How to plot CCDF graph on a logarithmic scale?

2020-07-30 02:03发布

问题:

I want to plot a CCDF graph for some of my simulated power-law tail data on a log-log axis, below is my R code of plotting a CCDF graph on a normal axis, I used the code on the link: (How to plot a CCDF gragh?)

> load("fakedata500.Rda")
> x<-fakedata500
> f<-ecdf(x)
> f
Empirical CDF 
Call: ecdf(x)
 x[1:500] = 0.50174, 0.50307, 0.50383,  ..., 81.674, 140.63
> plot(f)

Below is the ECDF graph:

> plot(sort(x), 1-f(sort(x)), type="s", lwd=1)

and this command gives me the CCDF graph:

However, I would like to plot my CCDF graph on a log-log axis to produce a graph like the picture below: (graph from "Minimizing errors in identifying Lévy flight behaviour of organisms.")

Is there a way to do it in R?

If so, how to do a linear regression on the CCDF graph as well?

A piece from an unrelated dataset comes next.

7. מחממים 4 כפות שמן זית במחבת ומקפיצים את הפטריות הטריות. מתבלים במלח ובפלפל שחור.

I have tried using command below but that just not working for me.

a<-plot(sort(x), 1-f(sort(x)), type="s", lwd=1)
> a
NULL
> res=lm(a)
Error in terms.formula(formula, data = data) : 
  argument is not a valid model

Much appreciate.


UPDATE:

I used the code given by @BondedDust and successfully generated a CCDF graph:

(plot(sort(x) , 1-ecdf(x)(sort(x) ), log="xy"))

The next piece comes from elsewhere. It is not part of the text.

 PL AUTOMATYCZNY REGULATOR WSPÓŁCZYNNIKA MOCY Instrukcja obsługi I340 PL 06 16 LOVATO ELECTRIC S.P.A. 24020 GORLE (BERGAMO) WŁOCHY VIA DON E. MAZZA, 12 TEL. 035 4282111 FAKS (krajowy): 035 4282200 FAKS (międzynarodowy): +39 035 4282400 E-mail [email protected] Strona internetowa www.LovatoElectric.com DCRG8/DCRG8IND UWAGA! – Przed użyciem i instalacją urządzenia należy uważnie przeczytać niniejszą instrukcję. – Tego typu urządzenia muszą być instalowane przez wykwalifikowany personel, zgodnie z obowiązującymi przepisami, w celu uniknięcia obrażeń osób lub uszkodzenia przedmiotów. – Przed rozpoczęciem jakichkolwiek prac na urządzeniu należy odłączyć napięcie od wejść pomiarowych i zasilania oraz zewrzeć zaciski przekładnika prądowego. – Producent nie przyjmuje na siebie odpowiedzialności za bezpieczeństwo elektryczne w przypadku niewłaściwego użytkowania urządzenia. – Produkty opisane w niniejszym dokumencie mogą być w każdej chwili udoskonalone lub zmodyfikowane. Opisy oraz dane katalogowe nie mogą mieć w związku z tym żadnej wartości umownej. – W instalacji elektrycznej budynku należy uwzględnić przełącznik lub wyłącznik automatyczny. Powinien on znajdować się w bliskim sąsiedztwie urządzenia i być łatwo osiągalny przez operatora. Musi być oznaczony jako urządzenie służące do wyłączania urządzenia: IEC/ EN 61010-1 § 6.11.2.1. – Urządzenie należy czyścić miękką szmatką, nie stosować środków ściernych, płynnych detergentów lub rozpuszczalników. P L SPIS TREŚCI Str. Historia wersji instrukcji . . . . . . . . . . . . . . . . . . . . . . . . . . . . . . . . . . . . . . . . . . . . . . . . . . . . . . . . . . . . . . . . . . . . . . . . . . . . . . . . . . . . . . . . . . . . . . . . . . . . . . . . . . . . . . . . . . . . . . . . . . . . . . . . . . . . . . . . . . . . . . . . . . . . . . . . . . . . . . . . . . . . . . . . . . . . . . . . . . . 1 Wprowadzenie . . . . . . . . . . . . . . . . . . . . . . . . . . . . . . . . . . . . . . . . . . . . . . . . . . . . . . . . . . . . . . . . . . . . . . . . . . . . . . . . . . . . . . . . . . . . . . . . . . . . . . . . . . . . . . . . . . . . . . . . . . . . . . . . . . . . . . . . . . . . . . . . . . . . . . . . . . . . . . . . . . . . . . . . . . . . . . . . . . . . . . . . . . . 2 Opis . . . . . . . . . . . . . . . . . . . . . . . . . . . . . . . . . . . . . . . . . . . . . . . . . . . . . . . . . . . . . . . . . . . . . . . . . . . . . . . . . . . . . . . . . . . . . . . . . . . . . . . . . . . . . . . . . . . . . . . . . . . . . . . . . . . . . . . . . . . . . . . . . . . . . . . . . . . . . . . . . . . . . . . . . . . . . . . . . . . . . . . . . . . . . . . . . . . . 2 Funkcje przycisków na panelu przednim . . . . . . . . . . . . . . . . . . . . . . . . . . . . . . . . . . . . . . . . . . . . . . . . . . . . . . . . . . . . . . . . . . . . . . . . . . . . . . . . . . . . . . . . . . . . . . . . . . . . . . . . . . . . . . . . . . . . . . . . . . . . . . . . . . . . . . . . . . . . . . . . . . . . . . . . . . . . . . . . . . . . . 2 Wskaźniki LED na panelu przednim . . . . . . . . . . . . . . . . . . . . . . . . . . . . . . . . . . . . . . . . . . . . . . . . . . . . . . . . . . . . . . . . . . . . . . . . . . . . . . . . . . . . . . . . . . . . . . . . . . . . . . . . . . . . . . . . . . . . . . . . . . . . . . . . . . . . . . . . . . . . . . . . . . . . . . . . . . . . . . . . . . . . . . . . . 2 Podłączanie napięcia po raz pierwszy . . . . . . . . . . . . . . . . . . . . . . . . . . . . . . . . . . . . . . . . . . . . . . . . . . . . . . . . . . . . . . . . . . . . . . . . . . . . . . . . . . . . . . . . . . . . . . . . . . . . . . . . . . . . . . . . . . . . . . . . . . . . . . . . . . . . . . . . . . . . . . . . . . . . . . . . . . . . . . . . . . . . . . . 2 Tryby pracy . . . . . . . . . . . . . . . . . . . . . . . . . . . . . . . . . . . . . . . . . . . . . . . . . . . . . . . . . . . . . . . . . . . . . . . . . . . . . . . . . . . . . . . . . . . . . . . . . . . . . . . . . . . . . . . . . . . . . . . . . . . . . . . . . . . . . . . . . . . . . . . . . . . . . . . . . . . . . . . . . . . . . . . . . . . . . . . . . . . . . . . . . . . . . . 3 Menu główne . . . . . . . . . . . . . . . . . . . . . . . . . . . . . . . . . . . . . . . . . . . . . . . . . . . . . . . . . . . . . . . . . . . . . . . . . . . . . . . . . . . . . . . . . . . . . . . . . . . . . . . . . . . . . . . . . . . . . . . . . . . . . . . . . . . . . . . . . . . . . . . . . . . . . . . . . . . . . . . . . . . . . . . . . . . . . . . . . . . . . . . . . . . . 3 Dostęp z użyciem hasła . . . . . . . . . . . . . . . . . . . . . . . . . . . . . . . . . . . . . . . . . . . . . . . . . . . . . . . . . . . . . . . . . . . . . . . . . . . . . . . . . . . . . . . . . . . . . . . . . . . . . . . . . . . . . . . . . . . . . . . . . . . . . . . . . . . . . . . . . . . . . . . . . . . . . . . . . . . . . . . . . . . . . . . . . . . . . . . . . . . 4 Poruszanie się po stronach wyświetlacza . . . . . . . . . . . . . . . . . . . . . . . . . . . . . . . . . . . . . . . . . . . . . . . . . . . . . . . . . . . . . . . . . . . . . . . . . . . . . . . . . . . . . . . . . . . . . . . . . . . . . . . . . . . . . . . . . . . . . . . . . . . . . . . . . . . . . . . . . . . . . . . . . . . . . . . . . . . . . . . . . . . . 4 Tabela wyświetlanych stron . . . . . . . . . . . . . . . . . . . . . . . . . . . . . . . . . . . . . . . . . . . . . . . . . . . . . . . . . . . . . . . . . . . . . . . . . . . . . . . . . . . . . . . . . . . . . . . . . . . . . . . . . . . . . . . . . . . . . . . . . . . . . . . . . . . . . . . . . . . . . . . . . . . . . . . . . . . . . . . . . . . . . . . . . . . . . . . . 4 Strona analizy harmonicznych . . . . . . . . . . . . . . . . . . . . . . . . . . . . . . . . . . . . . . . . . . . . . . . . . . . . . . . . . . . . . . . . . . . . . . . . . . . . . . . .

Below is the code of how I generated my dataset:

u<-runif(500)
fakedata500<-((2*(1-u))^(-1))

回答1:

Here's another way using quantiles.

library(VGAM)  # for rpareto(...)
set.seed(1)    # for reproducible example
X <- rpareto(1000,location=1,shape=1)
p <- ppoints(100)
par(mfrow=c(1,3))
plot(quantile(X,p=p),p,type="l",ylab="P(X < x)",xlab="x",main="CDF")
plot(quantile(X,p=p),1-p,type="l",ylab="P(X > x)",xlab="x",main="CCDF")
plot(log(quantile(X,p=p)),log(1-p),
     ylab="log[P(X > x)]",xlab="log(x)",main="CCDF: log-log")

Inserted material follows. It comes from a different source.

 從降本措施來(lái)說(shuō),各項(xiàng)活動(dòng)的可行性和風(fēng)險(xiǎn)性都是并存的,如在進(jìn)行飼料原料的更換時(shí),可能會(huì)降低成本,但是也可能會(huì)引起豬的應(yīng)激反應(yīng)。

And here's the regression.

df  <- data.frame(x=log(1-p),y=log(quantile(X,p=p)))
fit <- lm(y~x,df)
summary(fit)
# ...
# Coefficients:
#              Estimate Std. Error  t value Pr(>|t|)    
# (Intercept)  0.039559   0.007584    5.216 1.02e-06 ***
# x           -0.944380   0.005427 -174.028  < 2e-16 ***
# ---
# Signif. codes:  0 ‘***’ 0.001 ‘**’ 0.01 ‘*’ 0.05 ‘.’ 0.1 ‘ ’ 1
# 
# Residual standard error: 0.05317 on 98 degrees of freedom
# Multiple R-squared:  0.9968,  Adjusted R-squared:  0.9967 
# F-statistic: 3.029e+04 on 1 and 98 DF,  p-value: < 2.2e-16


回答2:

You give no data so no regression output will be attempted, but it should be pretty easy to construct the plot:

plot(sort(x) , 1-ecdf(x)(sort(x) ), log="xy")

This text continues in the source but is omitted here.